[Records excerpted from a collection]
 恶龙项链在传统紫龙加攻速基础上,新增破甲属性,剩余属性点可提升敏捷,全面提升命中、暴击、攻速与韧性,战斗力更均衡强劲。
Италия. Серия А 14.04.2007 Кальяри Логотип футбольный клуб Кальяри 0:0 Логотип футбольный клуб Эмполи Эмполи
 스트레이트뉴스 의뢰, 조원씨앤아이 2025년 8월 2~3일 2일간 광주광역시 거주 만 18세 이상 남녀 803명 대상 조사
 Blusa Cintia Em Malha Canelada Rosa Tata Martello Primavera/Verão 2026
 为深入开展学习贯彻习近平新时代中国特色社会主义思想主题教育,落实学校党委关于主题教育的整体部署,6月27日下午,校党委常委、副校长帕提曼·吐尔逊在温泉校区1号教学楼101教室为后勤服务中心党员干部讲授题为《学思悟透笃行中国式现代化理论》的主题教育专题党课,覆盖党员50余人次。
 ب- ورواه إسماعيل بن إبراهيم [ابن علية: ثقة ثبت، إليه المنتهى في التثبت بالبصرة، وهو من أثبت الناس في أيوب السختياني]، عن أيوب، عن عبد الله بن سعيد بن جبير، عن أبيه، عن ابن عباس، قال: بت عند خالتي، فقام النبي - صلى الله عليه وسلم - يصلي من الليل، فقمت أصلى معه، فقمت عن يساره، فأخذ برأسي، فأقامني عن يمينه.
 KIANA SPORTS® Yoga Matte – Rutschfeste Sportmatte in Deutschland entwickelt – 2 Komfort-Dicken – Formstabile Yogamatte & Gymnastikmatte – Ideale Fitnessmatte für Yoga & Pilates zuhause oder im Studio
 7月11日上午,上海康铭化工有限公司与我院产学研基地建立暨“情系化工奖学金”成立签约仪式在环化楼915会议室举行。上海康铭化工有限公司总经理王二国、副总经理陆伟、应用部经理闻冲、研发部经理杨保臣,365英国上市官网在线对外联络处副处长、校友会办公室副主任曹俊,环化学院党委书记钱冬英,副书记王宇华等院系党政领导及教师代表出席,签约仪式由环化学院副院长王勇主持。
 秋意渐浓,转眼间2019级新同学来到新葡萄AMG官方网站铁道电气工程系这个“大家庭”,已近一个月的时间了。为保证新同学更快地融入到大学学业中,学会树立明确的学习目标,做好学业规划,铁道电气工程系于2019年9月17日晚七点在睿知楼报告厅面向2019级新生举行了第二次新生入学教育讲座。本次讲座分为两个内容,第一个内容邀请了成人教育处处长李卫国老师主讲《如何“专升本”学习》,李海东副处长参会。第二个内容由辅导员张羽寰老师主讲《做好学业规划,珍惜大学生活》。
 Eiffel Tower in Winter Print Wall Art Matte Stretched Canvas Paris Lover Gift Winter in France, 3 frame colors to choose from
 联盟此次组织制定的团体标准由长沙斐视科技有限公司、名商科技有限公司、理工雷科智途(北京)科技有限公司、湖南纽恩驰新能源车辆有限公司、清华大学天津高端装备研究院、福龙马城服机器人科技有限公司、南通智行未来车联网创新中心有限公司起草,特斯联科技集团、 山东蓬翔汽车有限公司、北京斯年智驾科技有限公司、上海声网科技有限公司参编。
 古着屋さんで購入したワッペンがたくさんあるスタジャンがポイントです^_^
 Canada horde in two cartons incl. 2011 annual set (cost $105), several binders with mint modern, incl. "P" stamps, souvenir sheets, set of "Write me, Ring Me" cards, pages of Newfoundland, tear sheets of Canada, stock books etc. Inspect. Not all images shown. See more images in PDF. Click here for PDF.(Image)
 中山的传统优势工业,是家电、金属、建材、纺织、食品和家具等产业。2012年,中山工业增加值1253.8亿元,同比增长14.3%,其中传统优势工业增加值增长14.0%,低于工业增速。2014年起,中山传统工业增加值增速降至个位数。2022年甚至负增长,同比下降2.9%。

▸ **Problem to solve**
Print exactly the lines between the line with "스트레이트뉴스 의뢰, 조원씨앤아이" and the final line of the records above, both included.

▸ **Expected answer**
 스트레이트뉴스 의뢰, 조원씨앤아이 2025년 8월 2~3일 2일간 광주광역시 거주 만 18세 이상 남녀 803명 대상 조사
 Blusa Cintia Em Malha Canelada Rosa Tata Martello Primavera/Verão 2026
 为深入开展学习贯彻习近平新时代中国特色社会主义思想主题教育,落实学校党委关于主题教育的整体部署,6月27日下午,校党委常委、副校长帕提曼·吐尔逊在温泉校区1号教学楼101教室为后勤服务中心党员干部讲授题为《学思悟透笃行中国式现代化理论》的主题教育专题党课,覆盖党员50余人次。
 ب- ورواه إسماعيل بن إبراهيم [ابن علية: ثقة ثبت، إليه المنتهى في التثبت بالبصرة، وهو من أثبت الناس في أيوب السختياني]، عن أيوب، عن عبد الله بن سعيد بن جبير، عن أبيه، عن ابن عباس، قال: بت عند خالتي، فقام النبي - صلى الله عليه وسلم - يصلي من الليل، فقمت أصلى معه، فقمت عن يساره، فأخذ برأسي، فأقامني عن يمينه.
 KIANA SPORTS® Yoga Matte – Rutschfeste Sportmatte in Deutschland entwickelt – 2 Komfort-Dicken – Formstabile Yogamatte & Gymnastikmatte – Ideale Fitnessmatte für Yoga & Pilates zuhause oder im Studio
 7月11日上午,上海康铭化工有限公司与我院产学研基地建立暨“情系化工奖学金”成立签约仪式在环化楼915会议室举行。上海康铭化工有限公司总经理王二国、副总经理陆伟、应用部经理闻冲、研发部经理杨保臣,365英国上市官网在线对外联络处副处长、校友会办公室副主任曹俊,环化学院党委书记钱冬英,副书记王宇华等院系党政领导及教师代表出席,签约仪式由环化学院副院长王勇主持。
 秋意渐浓,转眼间2019级新同学来到新葡萄AMG官方网站铁道电气工程系这个“大家庭”,已近一个月的时间了。为保证新同学更快地融入到大学学业中,学会树立明确的学习目标,做好学业规划,铁道电气工程系于2019年9月17日晚七点在睿知楼报告厅面向2019级新生举行了第二次新生入学教育讲座。本次讲座分为两个内容,第一个内容邀请了成人教育处处长李卫国老师主讲《如何“专升本”学习》,李海东副处长参会。第二个内容由辅导员张羽寰老师主讲《做好学业规划,珍惜大学生活》。
 Eiffel Tower in Winter Print Wall Art Matte Stretched Canvas Paris Lover Gift Winter in France, 3 frame colors to choose from
 联盟此次组织制定的团体标准由长沙斐视科技有限公司、名商科技有限公司、理工雷科智途(北京)科技有限公司、湖南纽恩驰新能源车辆有限公司、清华大学天津高端装备研究院、福龙马城服机器人科技有限公司、南通智行未来车联网创新中心有限公司起草,特斯联科技集团、 山东蓬翔汽车有限公司、北京斯年智驾科技有限公司、上海声网科技有限公司参编。
 古着屋さんで購入したワッペンがたくさんあるスタジャンがポイントです^_^
 Canada horde in two cartons incl. 2011 annual set (cost $105), several binders with mint modern, incl. "P" stamps, souvenir sheets, set of "Write me, Ring Me" cards, pages of Newfoundland, tear sheets of Canada, stock books etc. Inspect. Not all images shown. See more images in PDF. Click here for PDF.(Image)
 中山的传统优势工业,是家电、金属、建材、纺织、食品和家具等产业。2012年,中山工业增加值1253.8亿元,同比增长14.3%,其中传统优势工业增加值增长14.0%,低于工业增速。2014年起,中山传统工业增加值增速降至个位数。2022年甚至负增长,同比下降2.9%。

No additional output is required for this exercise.